Exercise aim - Produce word for word the lines of the data below running from the one that has "The next Free" to the one that has "We are delighted", inclusive, and no others.

START Data listing

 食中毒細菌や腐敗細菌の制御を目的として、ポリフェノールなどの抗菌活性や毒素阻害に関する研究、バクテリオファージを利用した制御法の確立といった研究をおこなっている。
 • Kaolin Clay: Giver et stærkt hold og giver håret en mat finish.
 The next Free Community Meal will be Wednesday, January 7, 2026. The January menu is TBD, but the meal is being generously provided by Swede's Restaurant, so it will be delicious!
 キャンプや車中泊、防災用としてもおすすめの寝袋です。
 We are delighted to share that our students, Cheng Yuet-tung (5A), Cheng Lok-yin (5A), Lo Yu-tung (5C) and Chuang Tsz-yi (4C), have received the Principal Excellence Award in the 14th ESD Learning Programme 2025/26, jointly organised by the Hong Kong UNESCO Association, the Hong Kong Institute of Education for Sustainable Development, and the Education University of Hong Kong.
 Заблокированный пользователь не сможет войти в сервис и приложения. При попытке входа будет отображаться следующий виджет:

END Data listing
START Data listing

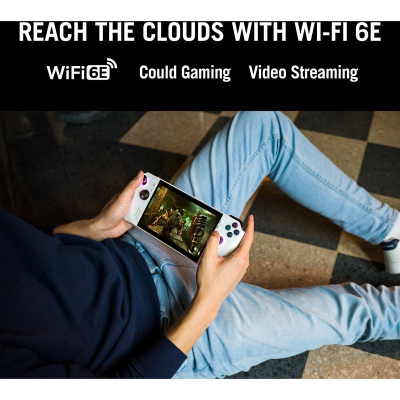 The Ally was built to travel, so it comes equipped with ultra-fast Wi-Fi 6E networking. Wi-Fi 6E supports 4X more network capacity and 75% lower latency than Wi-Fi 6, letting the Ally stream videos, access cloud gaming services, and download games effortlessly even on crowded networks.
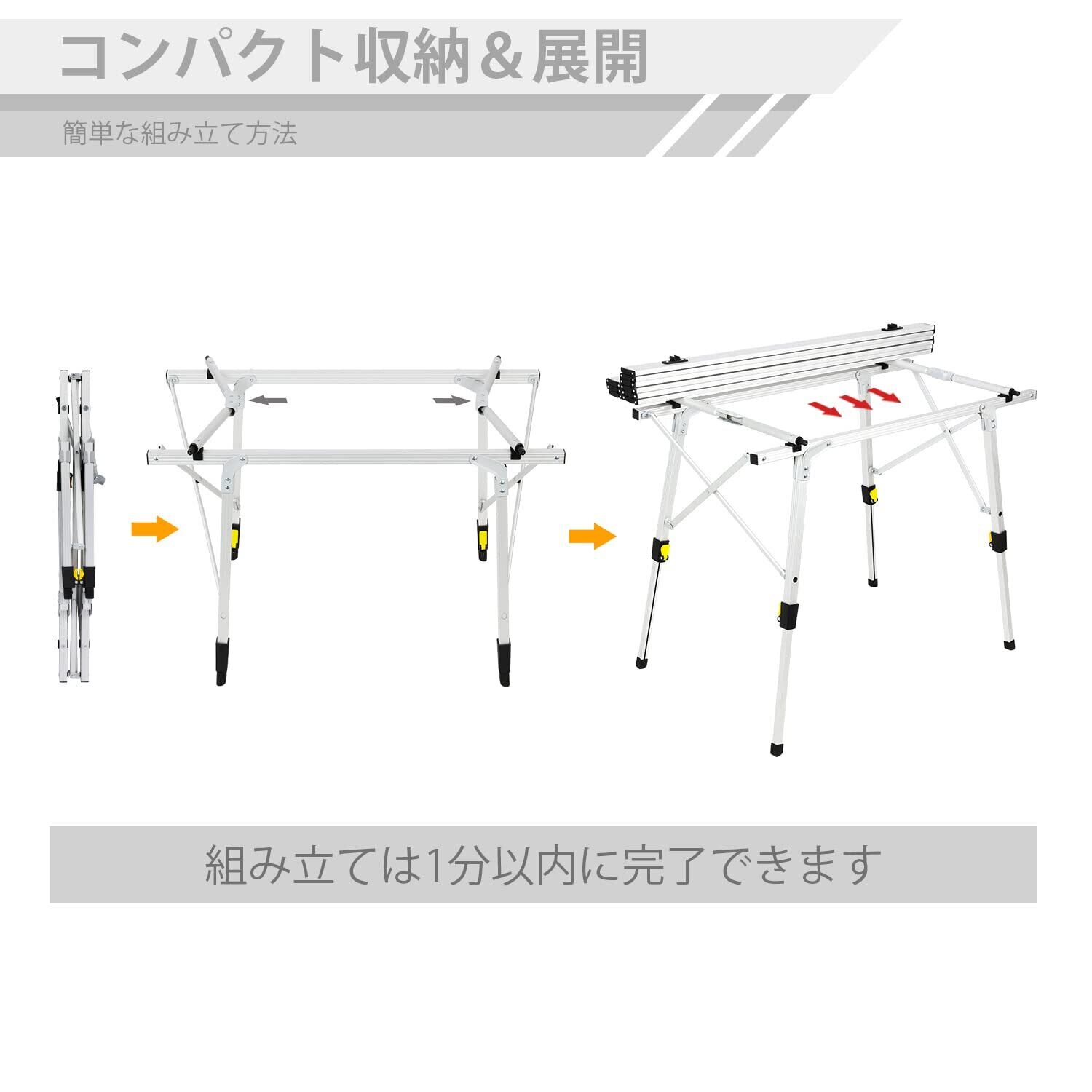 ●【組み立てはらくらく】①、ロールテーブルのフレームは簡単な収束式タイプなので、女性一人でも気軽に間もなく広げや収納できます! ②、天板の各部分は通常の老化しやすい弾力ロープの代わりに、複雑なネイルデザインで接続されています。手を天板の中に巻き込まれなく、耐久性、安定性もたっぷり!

END Data listing
START Data listing

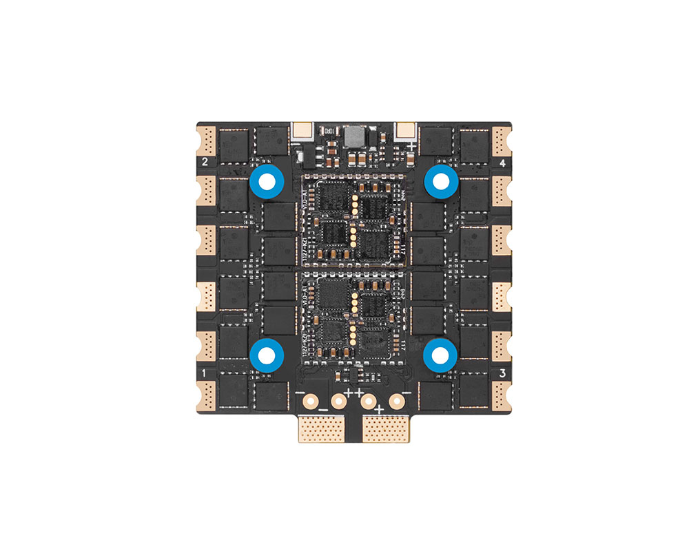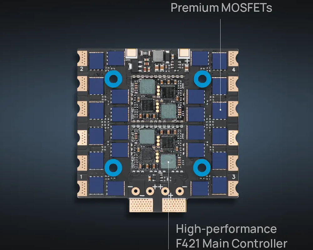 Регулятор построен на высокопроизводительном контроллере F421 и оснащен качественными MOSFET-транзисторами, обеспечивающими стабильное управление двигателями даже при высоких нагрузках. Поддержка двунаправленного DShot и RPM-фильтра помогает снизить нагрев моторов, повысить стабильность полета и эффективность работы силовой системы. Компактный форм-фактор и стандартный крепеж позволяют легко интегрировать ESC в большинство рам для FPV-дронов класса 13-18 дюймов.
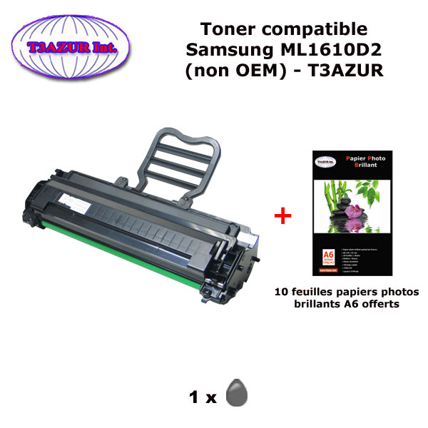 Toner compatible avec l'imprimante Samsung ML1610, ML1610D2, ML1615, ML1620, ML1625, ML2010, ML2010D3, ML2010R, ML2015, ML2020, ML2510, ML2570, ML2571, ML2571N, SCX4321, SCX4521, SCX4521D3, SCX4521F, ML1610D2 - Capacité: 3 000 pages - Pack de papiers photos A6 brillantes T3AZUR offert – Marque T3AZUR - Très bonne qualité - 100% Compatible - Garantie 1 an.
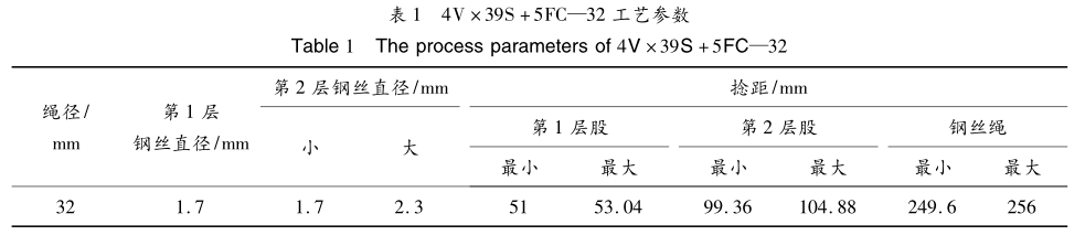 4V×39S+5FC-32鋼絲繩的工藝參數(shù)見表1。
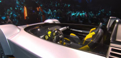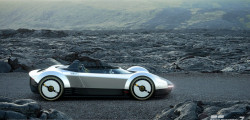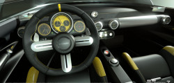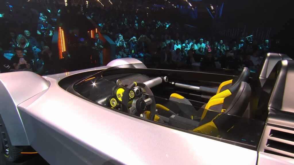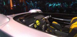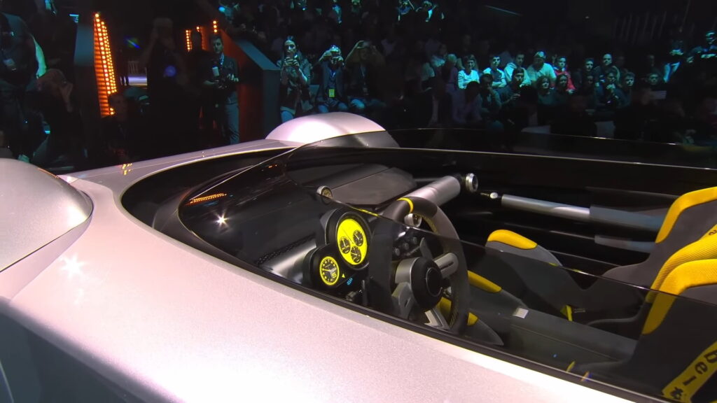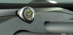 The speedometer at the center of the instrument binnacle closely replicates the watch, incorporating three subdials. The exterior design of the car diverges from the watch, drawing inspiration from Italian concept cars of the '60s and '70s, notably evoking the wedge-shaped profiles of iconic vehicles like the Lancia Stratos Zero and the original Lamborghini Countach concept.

END Data listing

Result -
 The next Free Community Meal will be Wednesday, January 7, 2026. The January menu is TBD, but the meal is being generously provided by Swede's Restaurant, so it will be delicious!
 キャンプや車中泊、防災用としてもおすすめの寝袋です。
 We are delighted to share that our students, Cheng Yuet-tung (5A), Cheng Lok-yin (5A), Lo Yu-tung (5C) and Chuang Tsz-yi (4C), have received the Principal Excellence Award in the 14th ESD Learning Programme 2025/26, jointly organised by the Hong Kong UNESCO Association, the Hong Kong Institute of Education for Sustainable Development, and the Education University of Hong Kong.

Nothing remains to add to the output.